Some sages claim that this was a good way for a meditator to die, as if waving a long slow goodbye to everything that had been assembled to make you--a precious death. In a way I feel that this is a bit like sticking a smiley face on a Hallmark condolence card. It masks the uncertainty of each piece tumbling into oblivion. Phil was always so kind to those who were helping him, but on the other hand he couldn’t hide the day to day frustrations. 


He would rail at the dying steps prescribed by Elizabeth Kubler-Ross, saying "I have to decide if I’m at the bargaining stage or the resignation stage.” But he seemed to be following them exactly, or at least that was the framework that I carried into my conversations with him. I actually felt that he’d only taken baby steps away from the anger stage, but all that is extremely subjective. Perhaps I was still angry with him for ending the Maitri experiment, or screaming at me in the hallway, or harping on that old time religion. 


Zenshin’s mind had always been clear as a bell, much clearer than his vision. His memory for words, phrases, even pages in a book, had been almost photographic. I wonder how much of this was compensatory.
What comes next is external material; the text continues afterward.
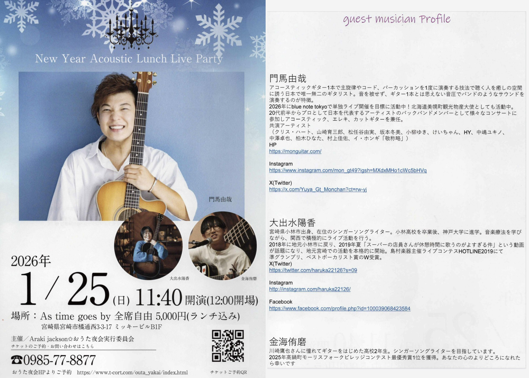 | 概要 | guest musician 門馬由哉(Tokyo) 大出水陽香(Miyazaki) 金海侑磨(Miyazaki) その他決定次第発表 プロフィール 門馬由哉 アコースティックギター1本で主旋律やコード、パーカッションを1度に演奏する技法で聴く人を癒しの空間に誘う日本で唯一無二のギタリスト。音を被せず、ギター1本とは思えない音圧でバンドのようなサウンドを演奏するのが特徴。 2026年にblue note tokyoで単独ライブ開催を目標に活動中!北海道美幌町観光物産大使としても活動中。20代前半からプロとして日本を代表するアーティストのバックバンドメンバーとして様々なコンサートに参加しアコースティック、エレキ、カットギターを兼任。 共演アーティスト (クリス・ハート、山崎育三郎、松任谷由実、坂本冬美、小柳ゆき、けいちゃん、HY、中嶋ユキノ、中澤卓也、柏木ひなた、村上佳佑、イ・ホンギ「敬称略」) 大出水陽香 宮崎県小林市出身、在住のシンガーソングライター。小林高校を卒業後、神戸大学に進学。音楽療法を学びながら、関西で積極的にライブ活動を行う。 2018年に地元小林市に戻り、2019年夏「スーパーの店員さんが休憩時間に歌うのがよすぎる件」という動画が話題になり、地元宮崎での活動を本格的に開始。島村楽器主催ライブコンテスHOTLINE2019にて準グランプリ、ベストボーカリスト賞のW受賞。 金海侑磨 川崎鷹也さんに憧れてギターをはじめた高校2年生。シンガーソングライターを目指しています。 2025年高鍋町モーリスフォークビレッジコンテスト最優秀賞1位を獲得。あなたの心のよりどころになれたら幸いです |

Once when I was entertaining some weird questions about presumed Kundalini energy in meditation, what Phil called the “squigglies,” he said, “Ol’ Luk Luk has something to say about that.  ”Middle case, third shelf, second from the left. (I think it was Charles Luk’s “Secrets of Chinese Meditation, but it might have been “Empty Cloud.”) Page 63, middle paragraph, beginning at the forth sentence. That’s the interesting part. Read back to me. Then he gently told me that focusing on the heart might be good practice rather than chasing swirling whirling wisps of energy all over the place.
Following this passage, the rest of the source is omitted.